Like other elements of our environment, they change over time, in both positive and negative ways.
Change in conservation areas can be negative, either through inappropriate new development, neglect or deliberate damage.
Negative change can have a real effect upon the way the community thrives or feels about their area. When conservation areas become at risk, this can signify or contribute to an area's social or economic decline.
The current situation
In 2016 the number of conservation areas at risk fell to 496 from 505 in 2015. Although 37 conservation areas were added to the Heritage at Risk Register in 2016, 46 have been removed from it. This means that 6.0% of England's conservation areas are now considered to be at risk.
Of England’s 336 local authorities, 304 (90.5%) have carried out surveys of their conservation areas to date, in spite of the continuing pressure upon their resources.
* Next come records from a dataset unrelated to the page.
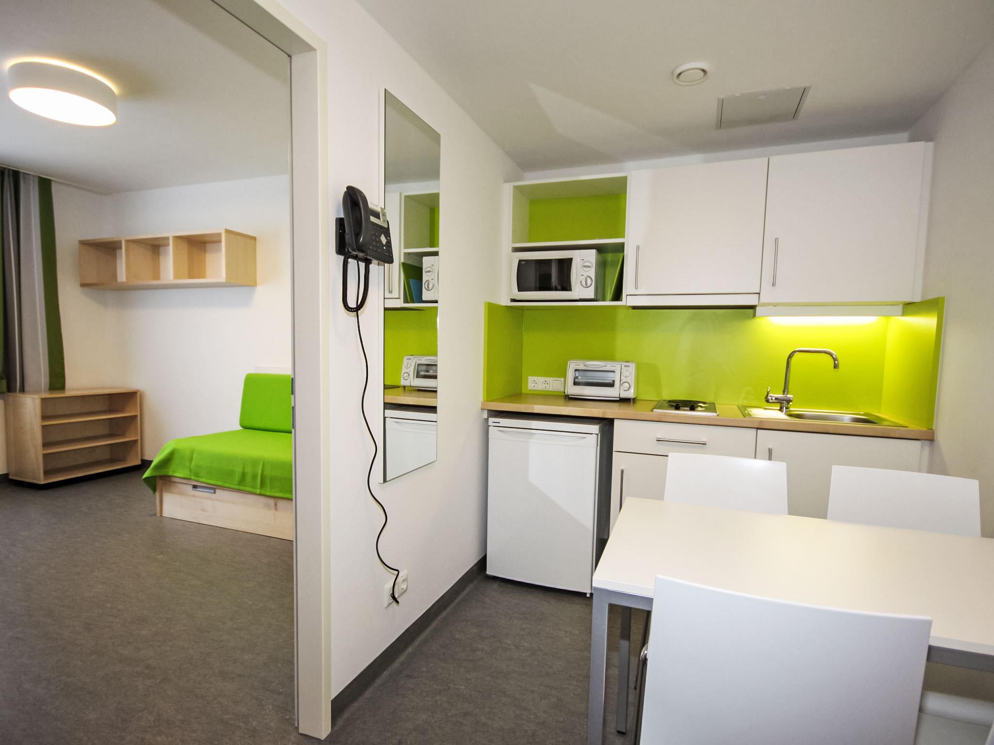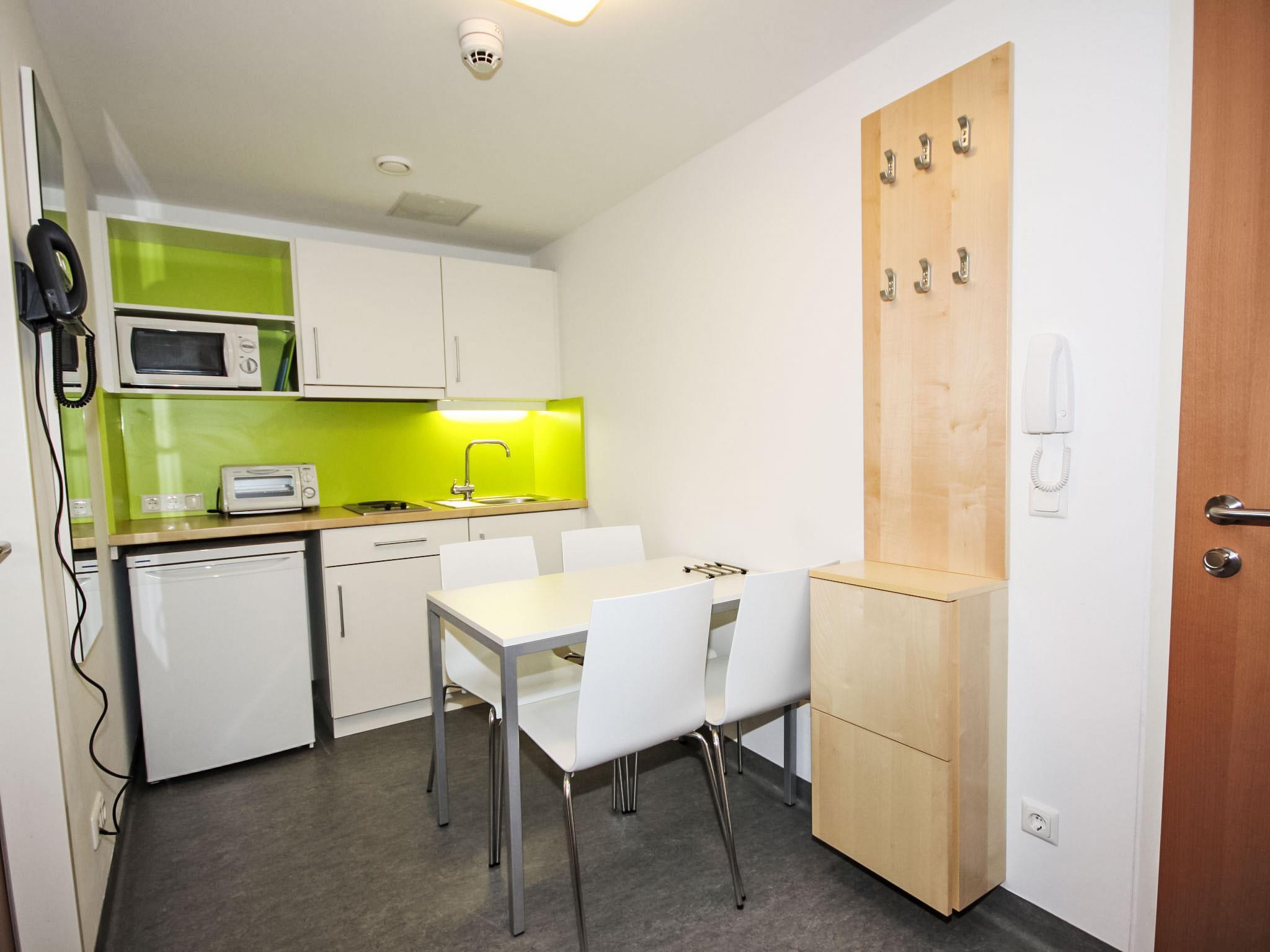 The modern student residence STUWO Villach is located in a sunny and quiet location with good connections to the public transport and cycle path network (lockable cycle room available on request). The city center is 4.5 km away. The surrounding lakes (Silbersee, Magdalenensee, Grünsee), the Drau and countless leisure activities can be reached in a few minutes. Modern apartment block "Techno-Park Villach". In the district of Villach-St. Magdalen, 4.5 km from the centre, in a quiet, sunny position, 2 km from the lake, directly by the river. In the house: internet access, sauna, fitness room (all included), central heating system, washing machine, tumble dryer (extra). Parking at the house. Supermarket 3 km, restaurant 500 m, bus stop "Villach-Campus" 100 m, thermal baths "Therme Warmbad-Villach" 5.5 km, bathing lake "Silbersee" 2.1 km, lake Faaker See 8.1 km. Golf course (18 hole) 6.8 km, surf school 8.9 km, sailing school 8.9 km, cycle lane 10 m. Nearby attractions: Burg Landskron 6 km, Terra Mystica, Terra Montana 27 km, Minimundus 33 km. Well-known lakes can easily be reached: Ossiacher See 7 km, Wörther See 15 km, Silbersee 3 km. Hiking paths: Naturpark Dobratsch 12 km. Please note: Additional accommodations can be booked.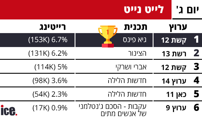 ברצועת הלייט המאוחרת הוביל גיא פינס בקשת 12 עם 6.7% ו-153 אלף צופים, ואחריו "הצינור" ברשת 13 עם 6.2% ו-131 אלף צופים. במקום השלישי הגיעה תכנית "אברי ושרקי" בקשת 12 עם 5% ו-114 אלף צופים. חדשות הלילה בערוץ 14 רשמה 3.6% ו-98 אלף צופים, בעוד חדשות הלילה בכאן 11 סגרה את הרשימה עם 2.3% ו-54 אלף צופים בלבד.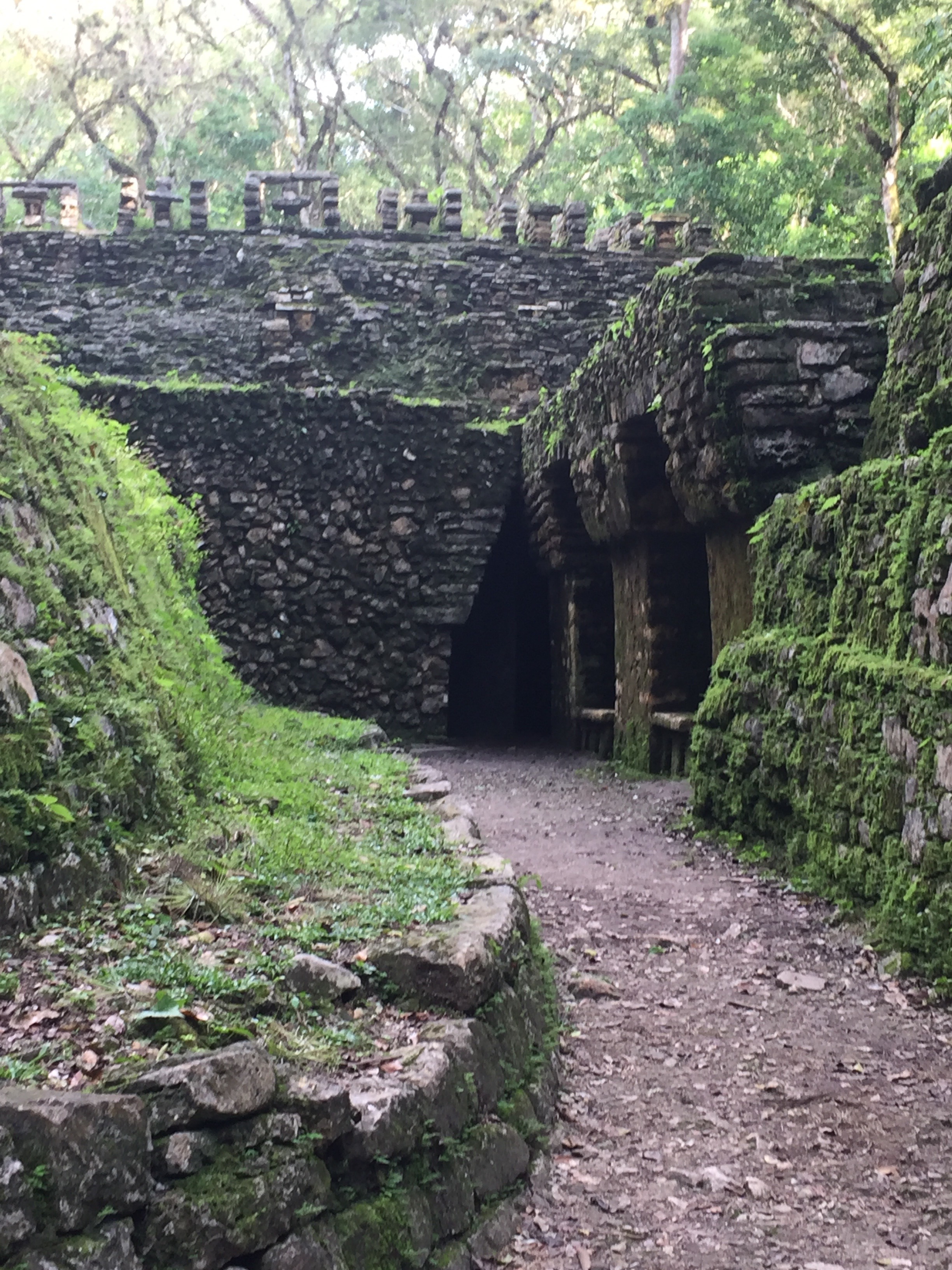 We arrived mid afternoon and the light was just perfect. To get to the site you walk up the path from the river, as the Mayan’s must have done. Eventually a clearing is reached and a large Mayan building blocks the path. This was viewed as representing the underworld and its dark passages had to be negotiated to reach the city’s main plaza.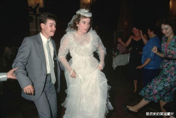 #7 1991年,乌克兰利沃夫,一对新人在婚礼招待会上合影。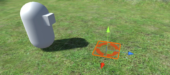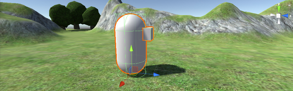 - Lägg till en spelarkropp (i mitt fall kommer jag att använda en enkel kapsel med en kub, men du kan lägga till en spelarmodell om du har någon). Skala ner till önskad storlek.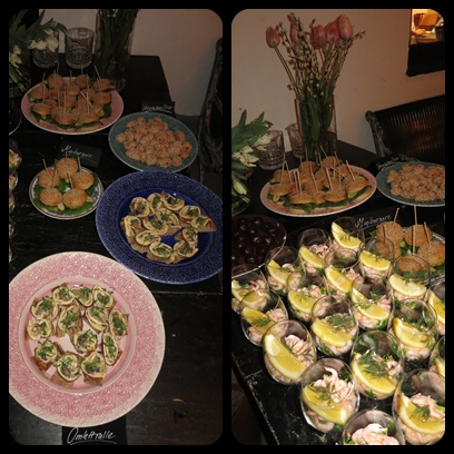 Det bjöds på lyxiga snittar, minihamburgare, räkcocktails, omelettrullar, chokladpraliner och självklart massor av goda drinkar!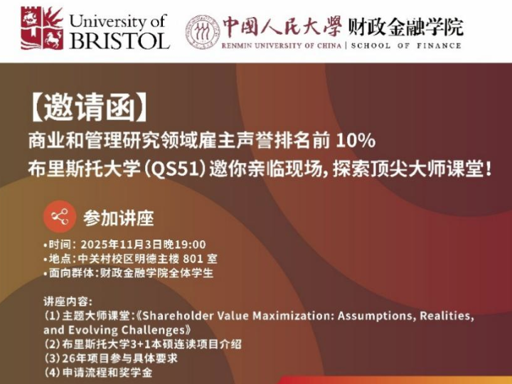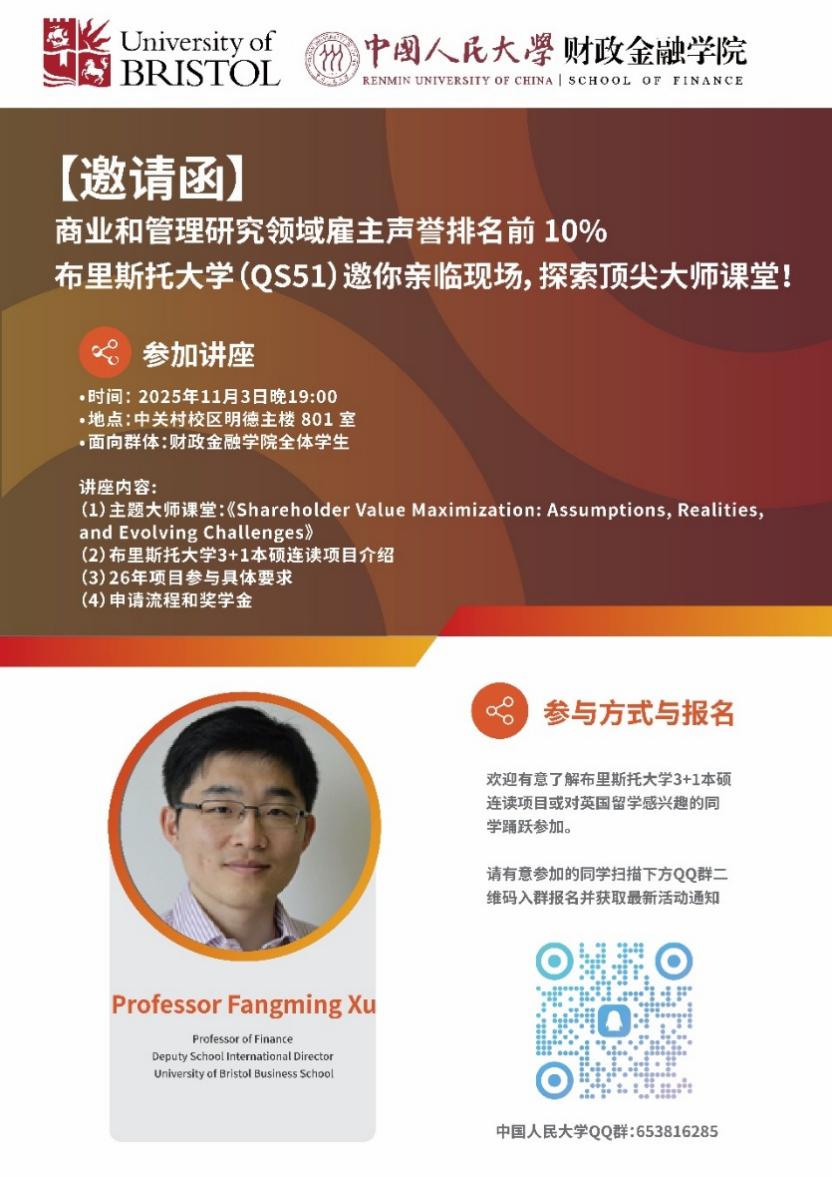 Lecture | Bristol Prof. Fangming Xu: Shareholder Value Maximization: Assumptions, Realities, and Evolving Challenges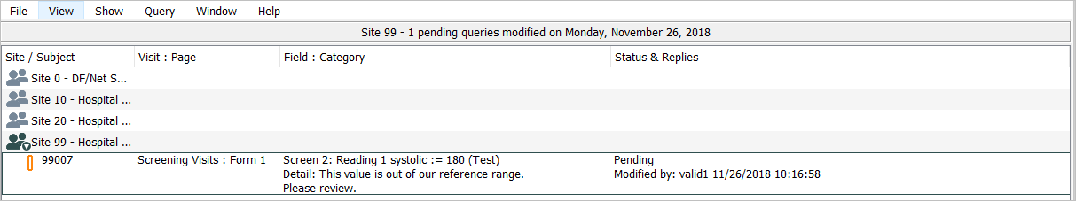 Select > . Select > to display all pending queries for Site 99 - Hospital #99.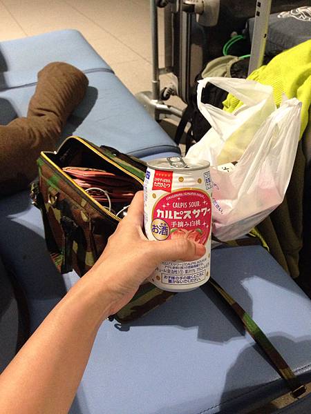 好不容易出關,先到撈森買瓶酒,喝喝好助眠!椅區處處是屍體,我懶得跑到對面租借毛毯,反正穿著外套還嫌熱的氣溫應該還好,就近找了一排椅來躺,旁邊是美女,行李超多,不知是要趕飛機還是回國?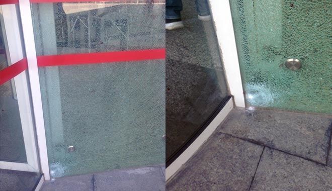 Kayseri Adalet Sarayı önünde iki grup arasında çıkan kavga sırasında, bir kişi yanında bulunan silahla Adliye binasının camını kırdı.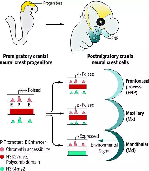 神经嵴细胞能保持染色质的可塑性,所有的基因都准备响应环境信号。当细胞暴露于这些信号时,会发生一个从稳定的到活跃的染色质状态的切换,诱导产生下巴、额头或颧骨的位置特异性转录程序进行转录。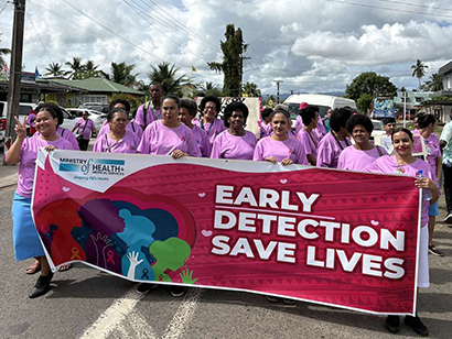 awareness programme in Labasa. Themed “Early Detection Saves Lives,” the event kicked off with a vibrant march led by the Nabala Secondary School Band, the Fiji Police Force, and various community stakeholders. The campaign successfully reached approximately 1,200 people, featuring expert presentations on cervical cancer and mental health. A key focus was placed on the HPV Self-Test and Treat Programme, with interactive Q&A sessions ensuring the public left with a better understanding of preventive health practices.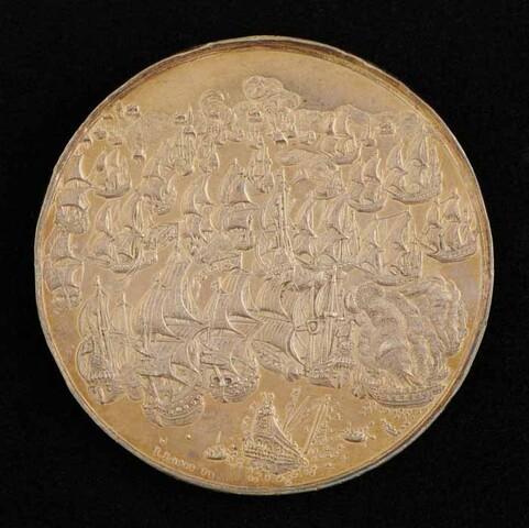 Penning geslagen ter gelegenheid van de overwinning op de Spaanse vloot onder Don Antonio d'Oquendo bij Duins door Maarten Harpertsz. Tromp, 21 oktober 1639. Geslagen op last van de Staten Generaal.
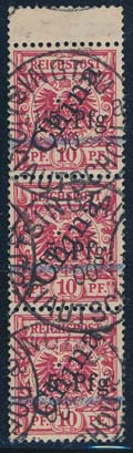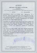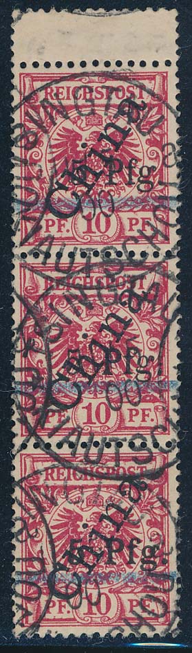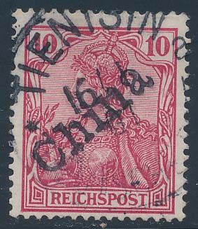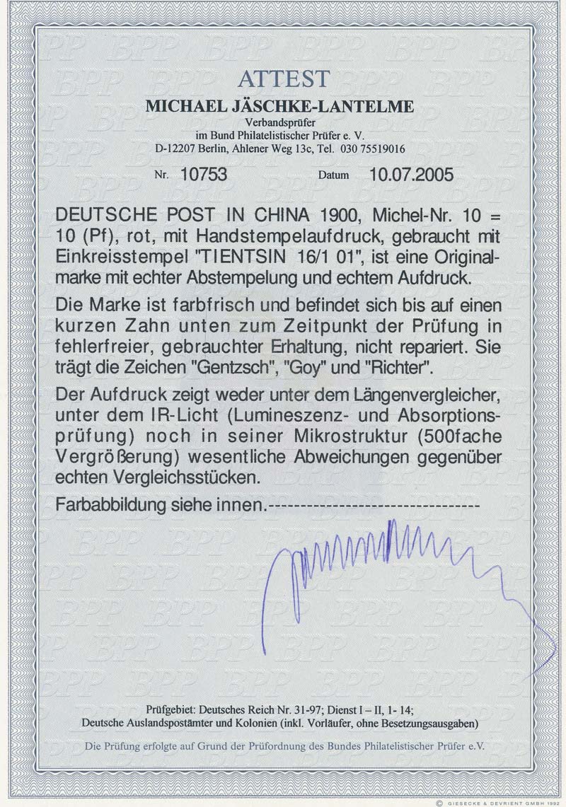 10 Pf. Handstpl.-Aufdruck zentrisch gestpl. "TIENTSIN" vom 16.1.01 unten kurzes Zähnchen sonst tadellos mehrfach sign. u. Fotoattest Jäschke-L. |

Historic England has provided assistance and encouragement to help ensure the surveys continue to be completed.
Surveys have now been completed for almost 8,300 (84%) conservation areas across the country. This has helped Historic England to gain a clear picture of how these important places and areas are sustaining themselves.
The continuing challenge
The reasons why conservation areas become at risk are complex and varied, depending on their situation.
It is unclear how the nation's economy will be affected following the decision to leave the European Union. Our urban centres continue to be areas where problems are commonly identified.
Picturesque villages and rural landscapes continue to be affected by changes in farming practices. These can cause buildings and other structures to be neglected, and conservation areas to become at risk.
The work of addressing problems in conservation areas can be time consuming. Nevertheless, progress is being made, contributing positively to a sustainable future for England's unique rural and urban heritage.